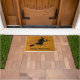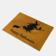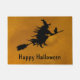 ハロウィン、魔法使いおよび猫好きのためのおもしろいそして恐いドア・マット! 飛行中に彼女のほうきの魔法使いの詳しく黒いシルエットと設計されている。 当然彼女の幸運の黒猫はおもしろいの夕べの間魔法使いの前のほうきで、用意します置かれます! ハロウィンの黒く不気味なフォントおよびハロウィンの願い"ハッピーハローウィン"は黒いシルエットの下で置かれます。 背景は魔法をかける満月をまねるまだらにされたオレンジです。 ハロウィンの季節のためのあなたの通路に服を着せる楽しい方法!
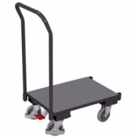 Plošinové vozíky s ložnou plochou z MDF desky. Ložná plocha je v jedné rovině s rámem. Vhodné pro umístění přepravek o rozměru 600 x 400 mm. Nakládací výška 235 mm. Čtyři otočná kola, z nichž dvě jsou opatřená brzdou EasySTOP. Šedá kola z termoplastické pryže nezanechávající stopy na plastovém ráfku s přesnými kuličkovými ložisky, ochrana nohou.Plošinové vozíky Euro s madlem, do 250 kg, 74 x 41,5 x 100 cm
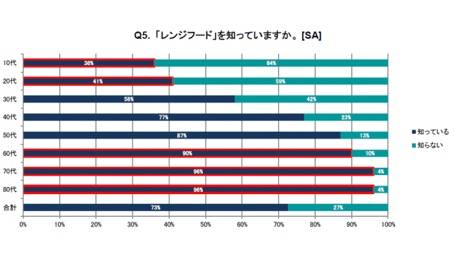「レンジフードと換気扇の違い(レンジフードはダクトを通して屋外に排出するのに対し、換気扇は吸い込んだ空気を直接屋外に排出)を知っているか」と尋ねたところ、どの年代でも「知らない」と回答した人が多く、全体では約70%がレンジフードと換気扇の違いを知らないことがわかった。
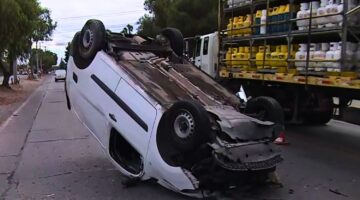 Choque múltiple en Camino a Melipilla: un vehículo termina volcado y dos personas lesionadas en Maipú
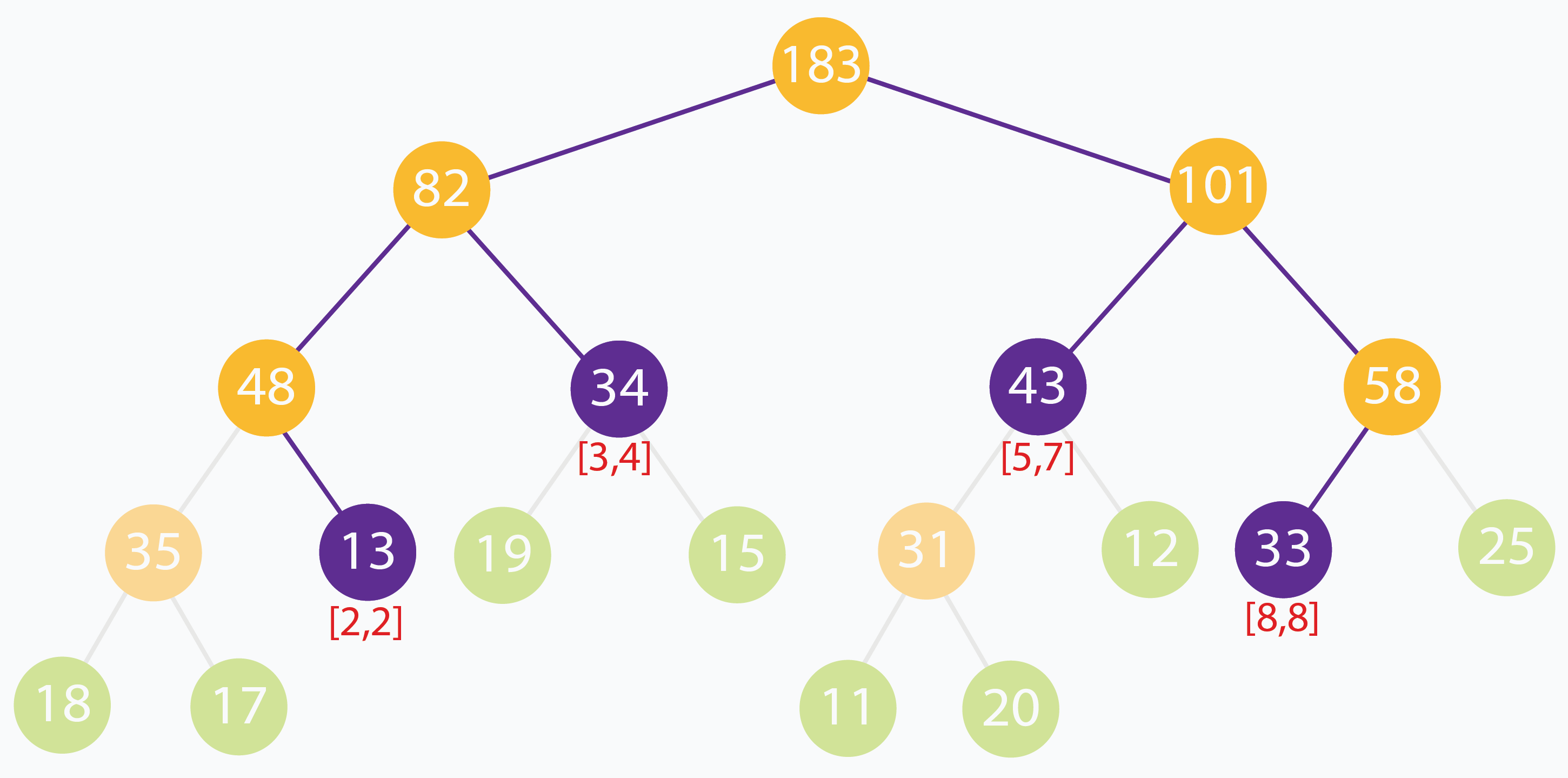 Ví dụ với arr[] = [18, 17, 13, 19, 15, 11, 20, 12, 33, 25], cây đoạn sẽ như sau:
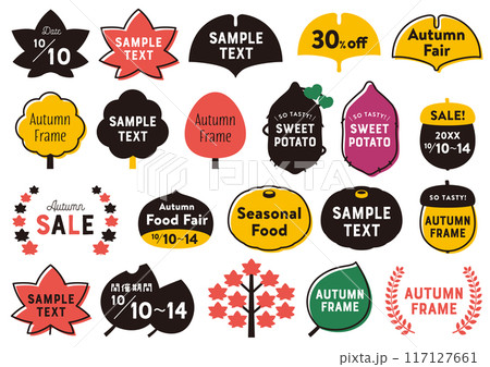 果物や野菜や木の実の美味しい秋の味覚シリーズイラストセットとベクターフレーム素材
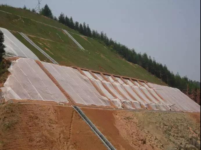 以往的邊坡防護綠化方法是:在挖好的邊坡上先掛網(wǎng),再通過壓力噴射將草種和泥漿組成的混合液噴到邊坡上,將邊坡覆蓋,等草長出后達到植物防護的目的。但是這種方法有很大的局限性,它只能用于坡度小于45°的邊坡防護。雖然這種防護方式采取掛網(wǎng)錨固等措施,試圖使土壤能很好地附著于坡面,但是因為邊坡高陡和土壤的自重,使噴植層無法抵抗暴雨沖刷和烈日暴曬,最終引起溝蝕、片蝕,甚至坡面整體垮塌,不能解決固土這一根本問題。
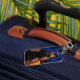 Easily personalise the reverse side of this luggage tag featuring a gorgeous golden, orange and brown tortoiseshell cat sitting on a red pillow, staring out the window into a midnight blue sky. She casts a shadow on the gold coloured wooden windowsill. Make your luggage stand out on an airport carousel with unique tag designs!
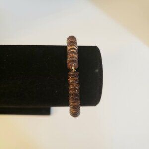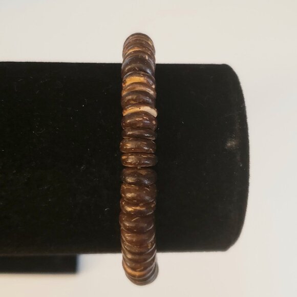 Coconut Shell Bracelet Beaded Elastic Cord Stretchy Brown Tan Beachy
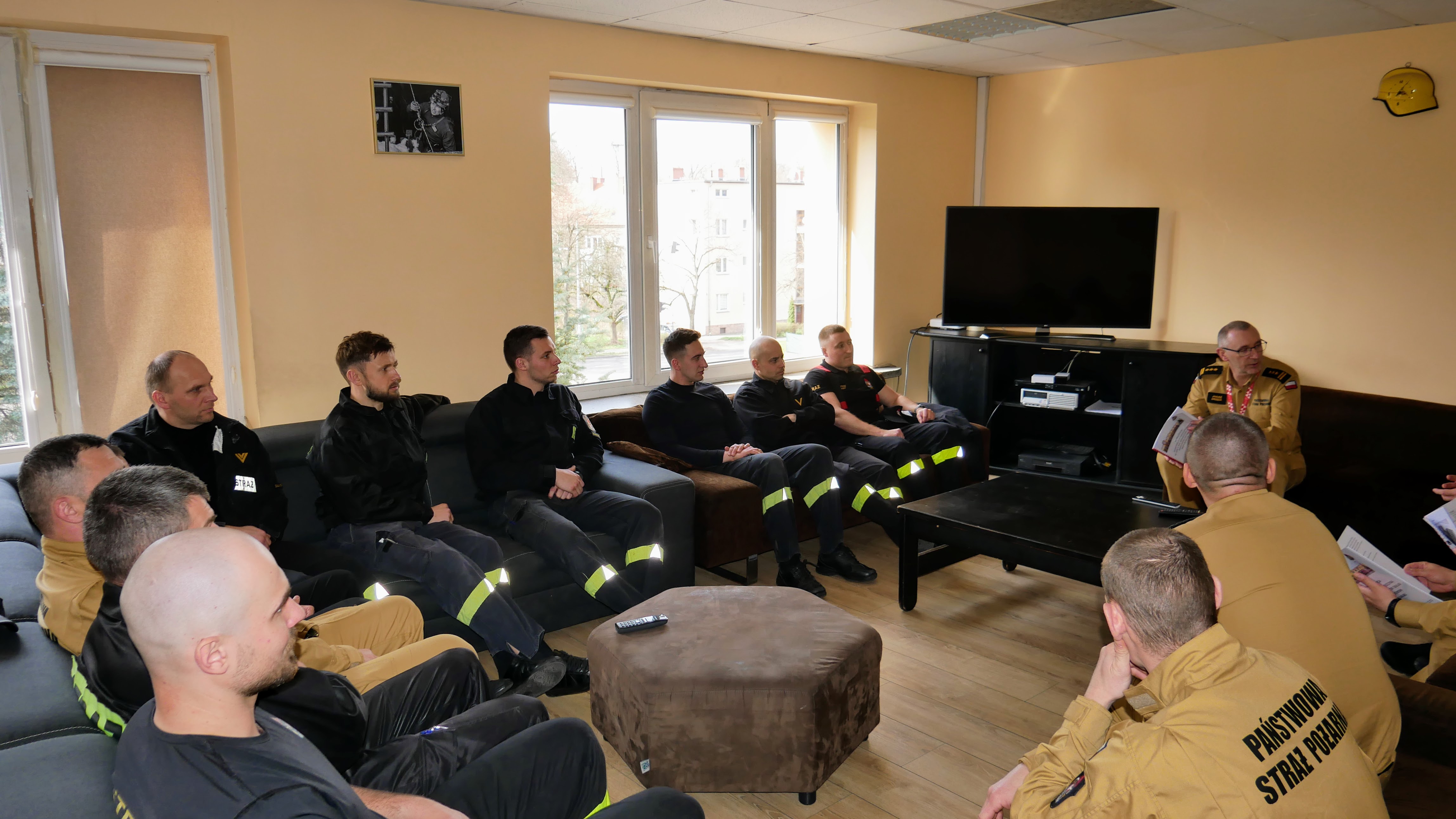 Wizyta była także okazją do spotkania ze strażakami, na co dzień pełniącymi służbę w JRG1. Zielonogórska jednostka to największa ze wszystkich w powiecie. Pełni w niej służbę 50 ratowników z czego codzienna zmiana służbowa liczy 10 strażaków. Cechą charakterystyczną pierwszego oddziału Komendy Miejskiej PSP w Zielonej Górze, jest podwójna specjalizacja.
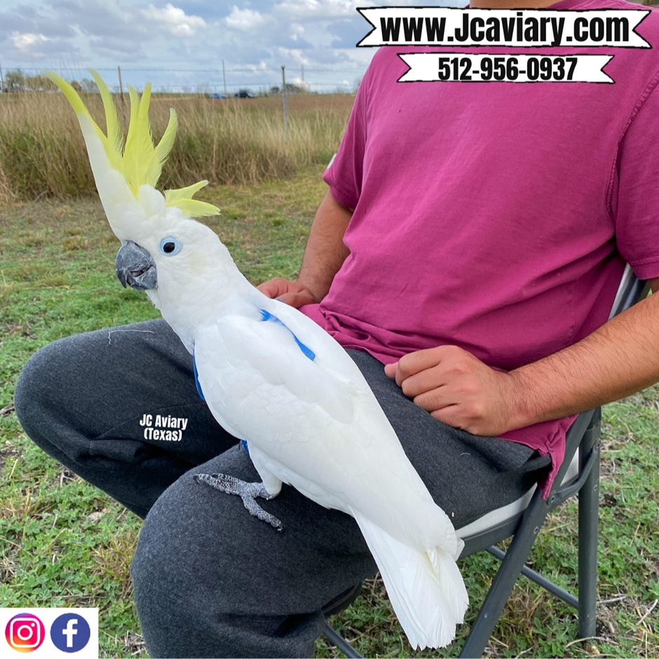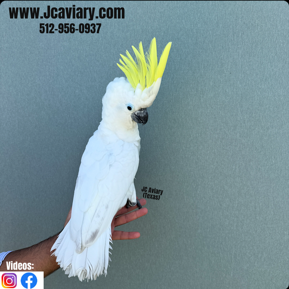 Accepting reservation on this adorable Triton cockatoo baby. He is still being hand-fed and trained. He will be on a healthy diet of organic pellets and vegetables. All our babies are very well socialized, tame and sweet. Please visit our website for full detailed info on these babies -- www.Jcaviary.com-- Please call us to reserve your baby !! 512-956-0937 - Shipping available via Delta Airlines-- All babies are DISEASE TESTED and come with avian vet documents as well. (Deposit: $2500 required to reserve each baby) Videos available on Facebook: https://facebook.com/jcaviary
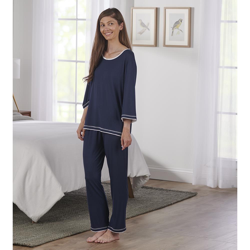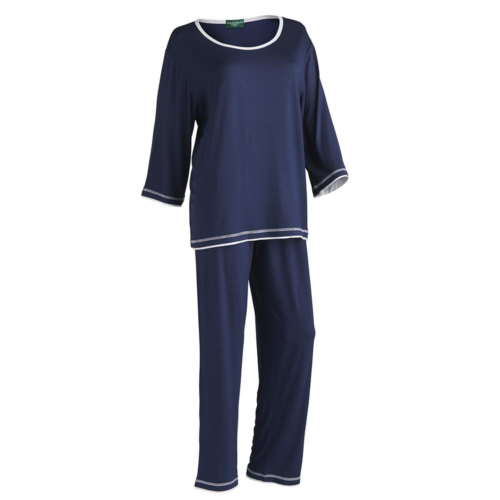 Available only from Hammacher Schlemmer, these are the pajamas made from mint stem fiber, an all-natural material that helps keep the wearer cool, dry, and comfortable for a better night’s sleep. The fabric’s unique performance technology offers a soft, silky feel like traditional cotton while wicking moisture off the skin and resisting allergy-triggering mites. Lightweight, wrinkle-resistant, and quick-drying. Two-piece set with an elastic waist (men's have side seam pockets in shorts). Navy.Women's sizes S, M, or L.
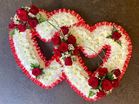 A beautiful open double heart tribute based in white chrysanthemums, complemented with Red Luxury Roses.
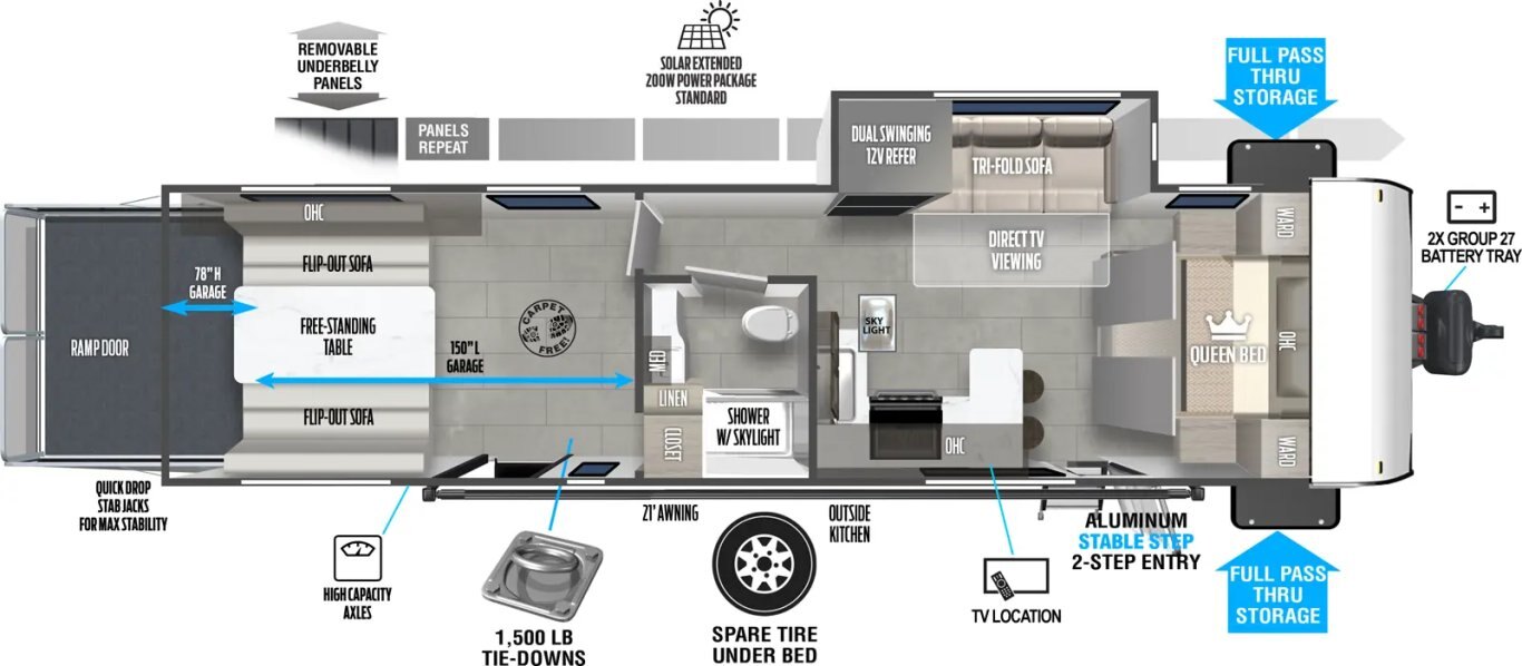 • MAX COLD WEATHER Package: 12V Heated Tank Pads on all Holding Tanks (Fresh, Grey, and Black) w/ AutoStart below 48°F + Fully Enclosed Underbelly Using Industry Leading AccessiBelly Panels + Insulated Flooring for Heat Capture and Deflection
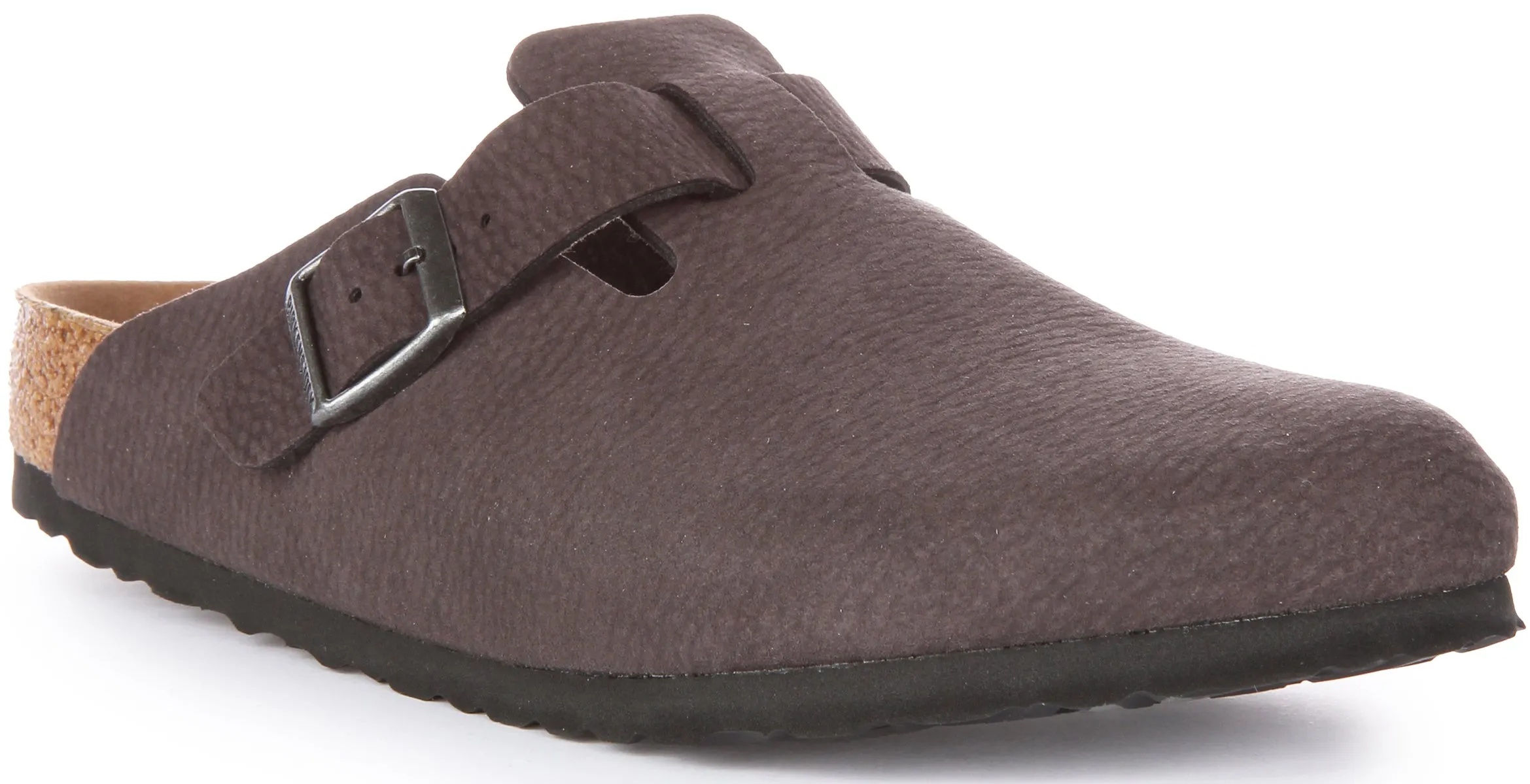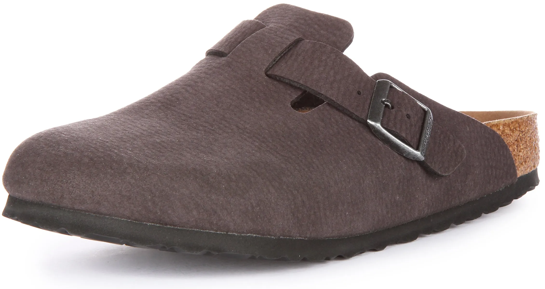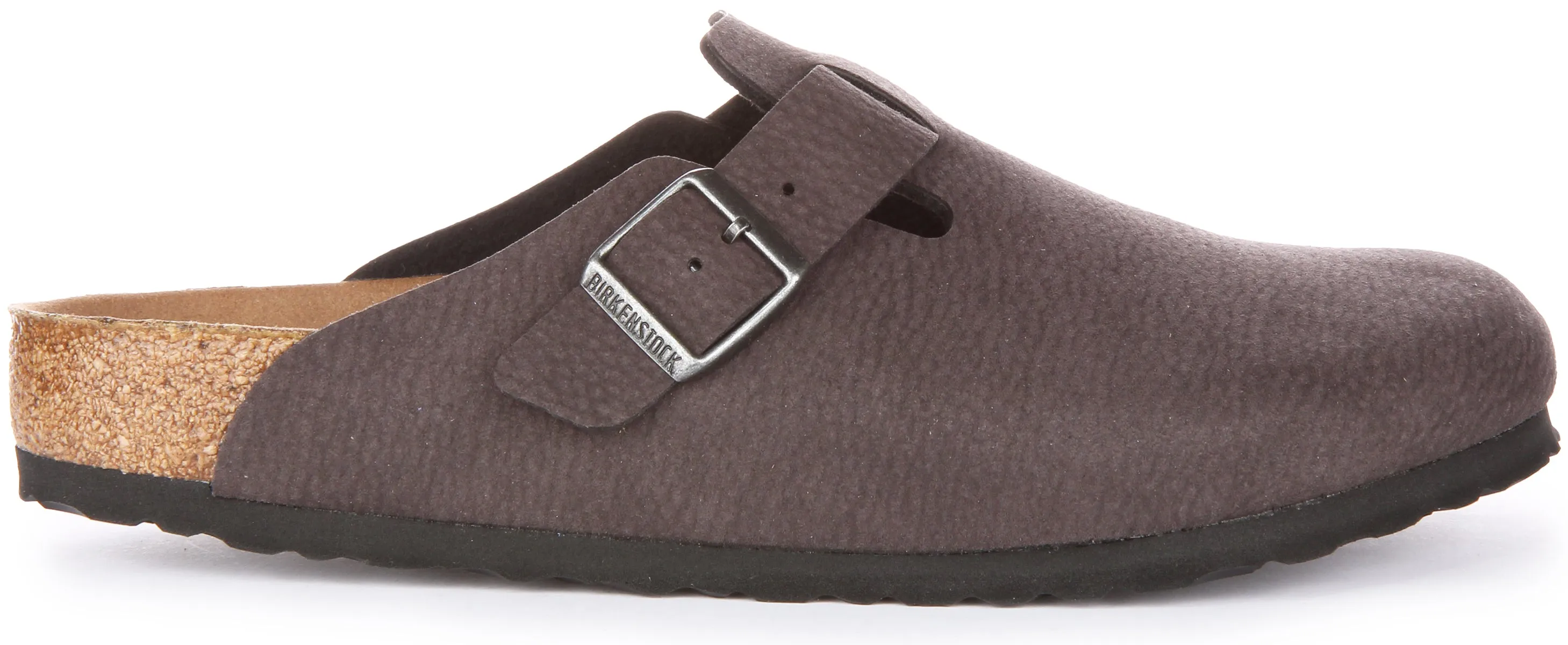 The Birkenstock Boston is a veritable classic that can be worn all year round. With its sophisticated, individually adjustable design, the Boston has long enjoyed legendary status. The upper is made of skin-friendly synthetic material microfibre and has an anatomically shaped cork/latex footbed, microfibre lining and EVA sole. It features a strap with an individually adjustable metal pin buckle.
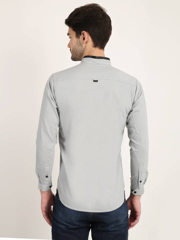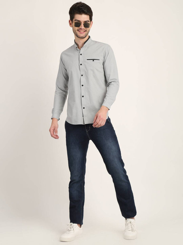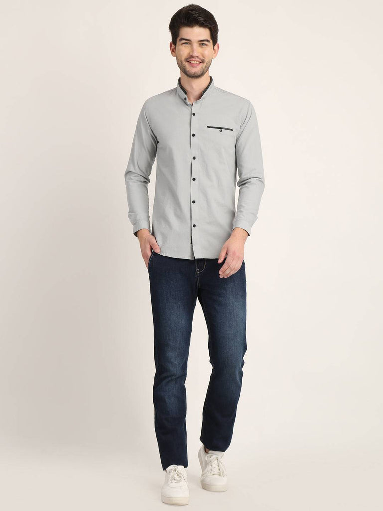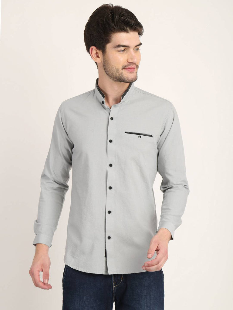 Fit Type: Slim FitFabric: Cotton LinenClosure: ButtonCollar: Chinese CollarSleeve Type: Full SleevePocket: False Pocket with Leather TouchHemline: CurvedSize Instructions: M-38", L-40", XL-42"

☆ ☆ ☆ ☆ ☆

■ PROBLEM DESCRIPTION ■
Print nothing but the lines above starting with the line that contains "Coconut Shell Bracelet" and going on through the line that contains "Wizyta była także". Leave out the pictures.

■ SOLUTION ■
 Coconut Shell Bracelet Beaded Elastic Cord Stretchy Brown Tan Beachy
 Wizyta była także okazją do spotkania ze strażakami, na co dzień pełniącymi służbę w JRG1. Zielonogórska jednostka to największa ze wszystkich w powiecie. Pełni w niej służbę 50 ratowników z czego codzienna zmiana służbowa liczy 10 strażaków. Cechą charakterystyczną pierwszego oddziału Komendy Miejskiej PSP w Zielonej Górze, jest podwójna specjalizacja.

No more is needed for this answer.